• Given information:
'''
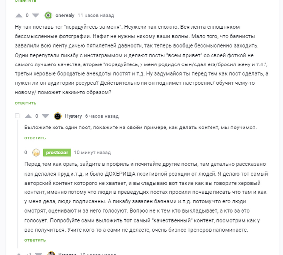 Вот именно из-за таких людей и не очень хочется что то выкладывать, особенно от себя какие то вещи. Речь про пост #comment_277276236 Побольше и почаще негатива ребята, точно к успеху придём, авторы со своим контентом точно в топе будут.
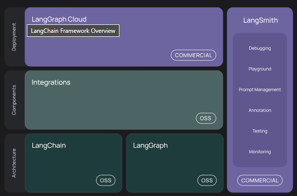 如今Lanchain已经形成了一套丰富的框架体系,包括LangChain、LangGraph、LangGraph Cloud 和 LangSmith ,它们都是与语言模型(LLM)及其工具生态相关的框架或服务,下面是它们的关系和主要功能区别:
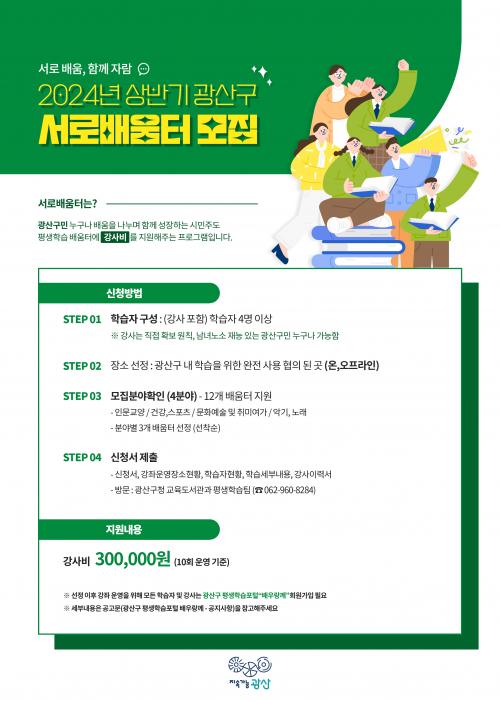 ±¤»ê±¸´Â ÇöÀç »ó¹Ý±â ¹è¿òÅÍ(3~6¿ù)¸¦ ¸ðÁýÇϰí ÀÖ´Ù. ºÐ¾ßº° 3°³¾¿ 12°³ ¹è¿òÅ͸¦ ¼±Âø¼ø Á¢¼öÇÑ´Ù. ¡®¼·Î ¹è¿òÅÍ¡¯¿Í °ü·ÃÇÑ ÀÚ¼¼ÇÑ »çÇ×Àº ±¤»ê±¸ ±³À°µµ¼°ü°ú Æò»ýÇнÀÆÀÀ¸·Î ¹®ÀÇÇÏ¸é µÈ´Ù.
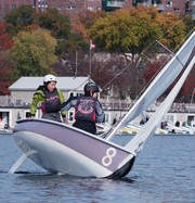 Paige Omura ‘17 and Ty Ingram ‘18 compete in the Crews Regatta on Sunday. Each boat is manned by a skipper and a crew, so in the Crews Regatta, the crew becomes the skipper. Two MIT teams participated, and they placed second and third. BU was the winner.
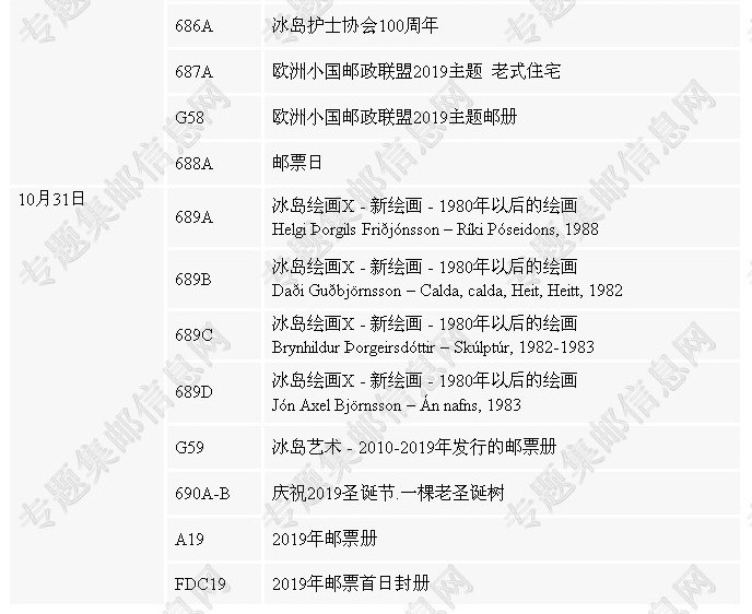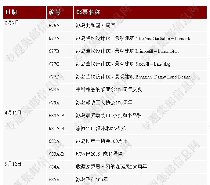 冰岛2019年新邮发行计划
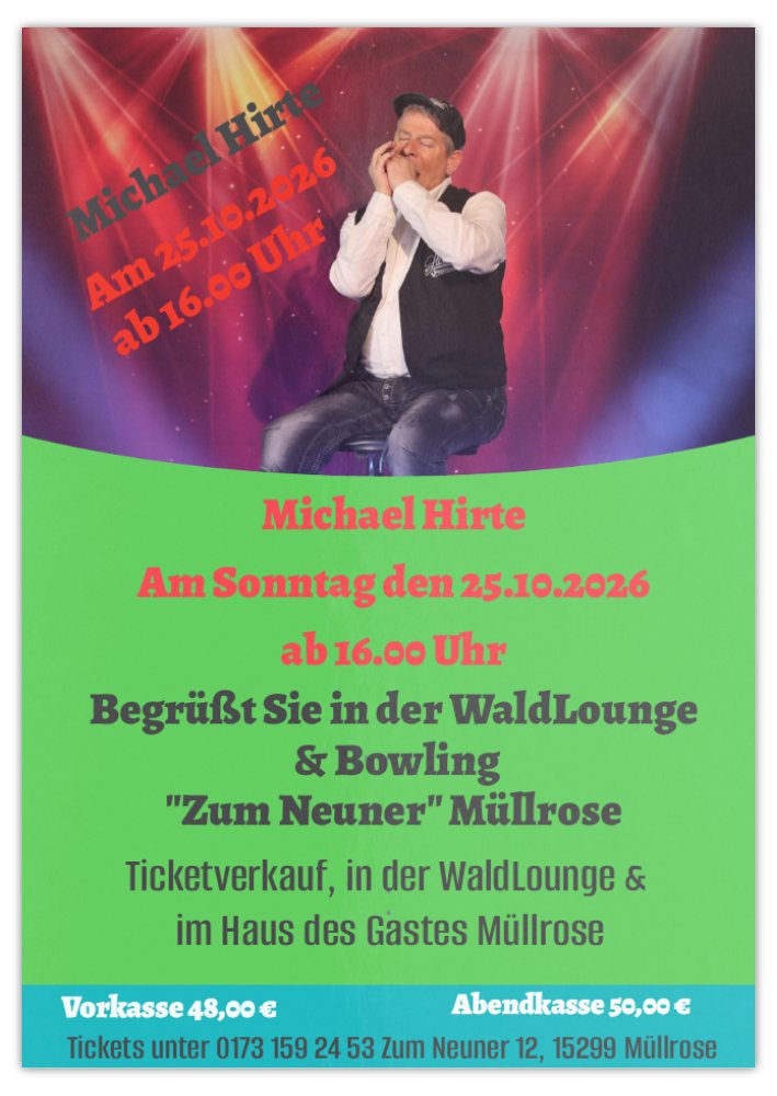 Michael Hirte kommt, in die Waldlounge und Bowling Zum Neuner in Müllrrose, am 25.10.2026. Beginn ab 16 Uhr
'''
• What you will do:
Exact copy, no pictures: return the entries word for word.

• Result:
 Вот именно из-за таких людей и не очень хочется что то выкладывать, особенно от себя какие то вещи. Речь про пост #comment_277276236 Побольше и почаще негатива ребята, точно к успеху придём, авторы со своим контентом точно в топе будут.
 如今Lanchain已经形成了一套丰富的框架体系,包括LangChain、LangGraph、LangGraph Cloud 和 LangSmith ,它们都是与语言模型(LLM)及其工具生态相关的框架或服务,下面是它们的关系和主要功能区别:
 ±¤»ê±¸´Â ÇöÀç »ó¹Ý±â ¹è¿òÅÍ(3~6¿ù)¸¦ ¸ðÁýÇϰí ÀÖ´Ù. ºÐ¾ßº° 3°³¾¿ 12°³ ¹è¿òÅ͸¦ ¼±Âø¼ø Á¢¼öÇÑ´Ù. ¡®¼·Î ¹è¿òÅÍ¡¯¿Í °ü·ÃÇÑ ÀÚ¼¼ÇÑ »çÇ×Àº ±¤»ê±¸ ±³À°µµ¼°ü°ú Æò»ýÇнÀÆÀÀ¸·Î ¹®ÀÇÇÏ¸é µÈ´Ù.
 Paige Omura ‘17 and Ty Ingram ‘18 compete in the Crews Regatta on Sunday. Each boat is manned by a skipper and a crew, so in the Crews Regatta, the crew becomes the skipper. Two MIT teams participated, and they placed second and third. BU was the winner.
 冰岛2019年新邮发行计划
 Michael Hirte kommt, in die Waldlounge und Bowling Zum Neuner in Müllrrose, am 25.10.2026. Beginn ab 16 Uhr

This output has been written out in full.